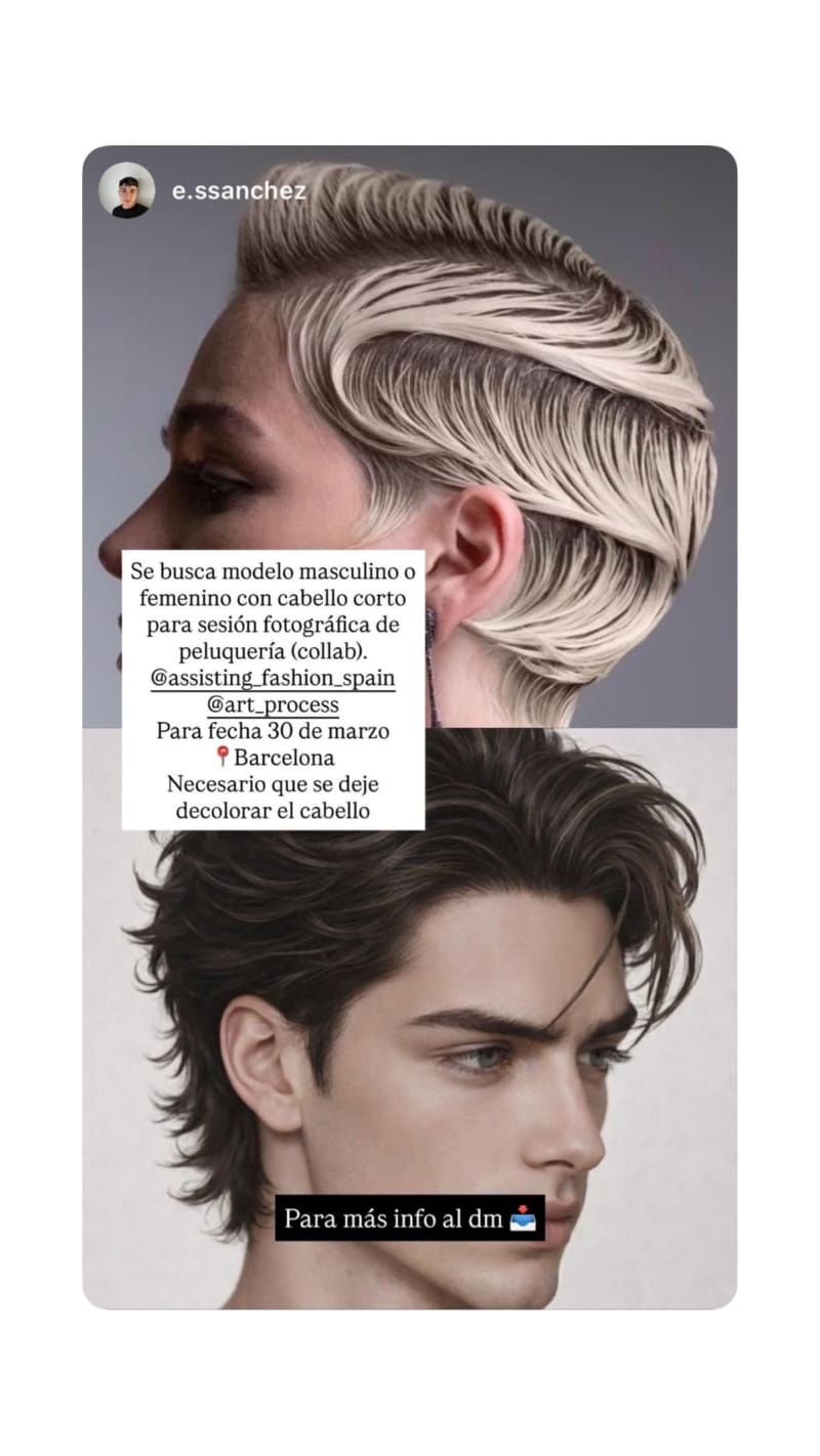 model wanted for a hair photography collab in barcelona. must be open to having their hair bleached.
---
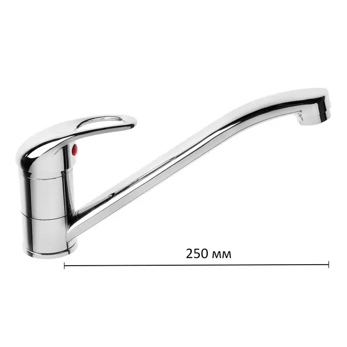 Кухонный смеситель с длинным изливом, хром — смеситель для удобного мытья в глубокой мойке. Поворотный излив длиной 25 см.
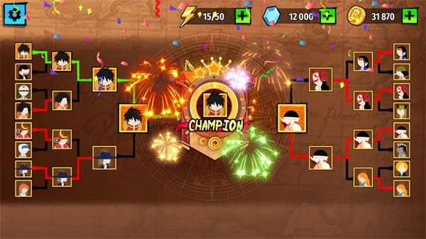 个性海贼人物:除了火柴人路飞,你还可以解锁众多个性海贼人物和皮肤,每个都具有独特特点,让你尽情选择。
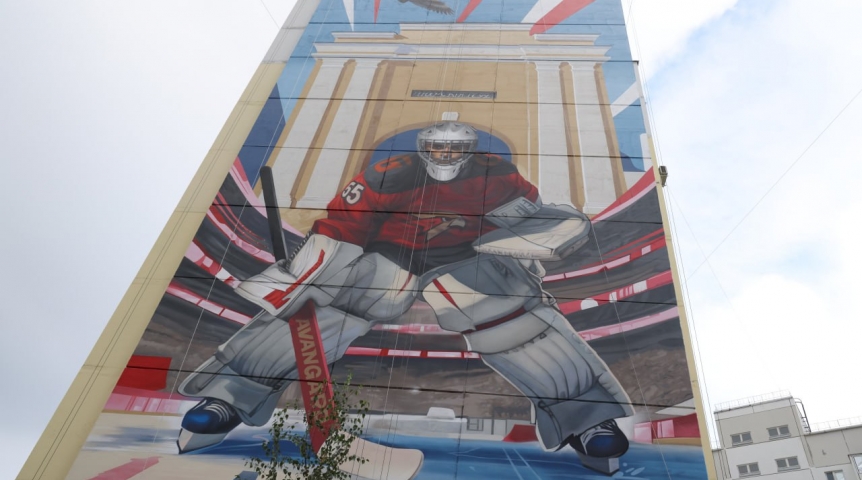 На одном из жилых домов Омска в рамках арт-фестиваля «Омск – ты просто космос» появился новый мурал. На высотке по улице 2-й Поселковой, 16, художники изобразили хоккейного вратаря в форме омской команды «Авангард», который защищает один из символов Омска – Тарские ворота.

- Assignment
Copy out exactly the lines above beginning with the line that contains "Кухонный смеситель с" and finishing with the line that contains "На одном из", including both; leave the pictures out.

- Answer space
 Кухонный смеситель с длинным изливом, хром — смеситель для удобного мытья в глубокой мойке. Поворотный излив длиной 25 см.
 个性海贼人物:除了火柴人路飞,你还可以解锁众多个性海贼人物和皮肤,每个都具有独特特点,让你尽情选择。
 На одном из жилых домов Омска в рамках арт-фестиваля «Омск – ты просто космос» появился новый мурал. На высотке по улице 2-й Поселковой, 16, художники изобразили хоккейного вратаря в форме омской команды «Авангард», который защищает один из символов Омска – Тарские ворота.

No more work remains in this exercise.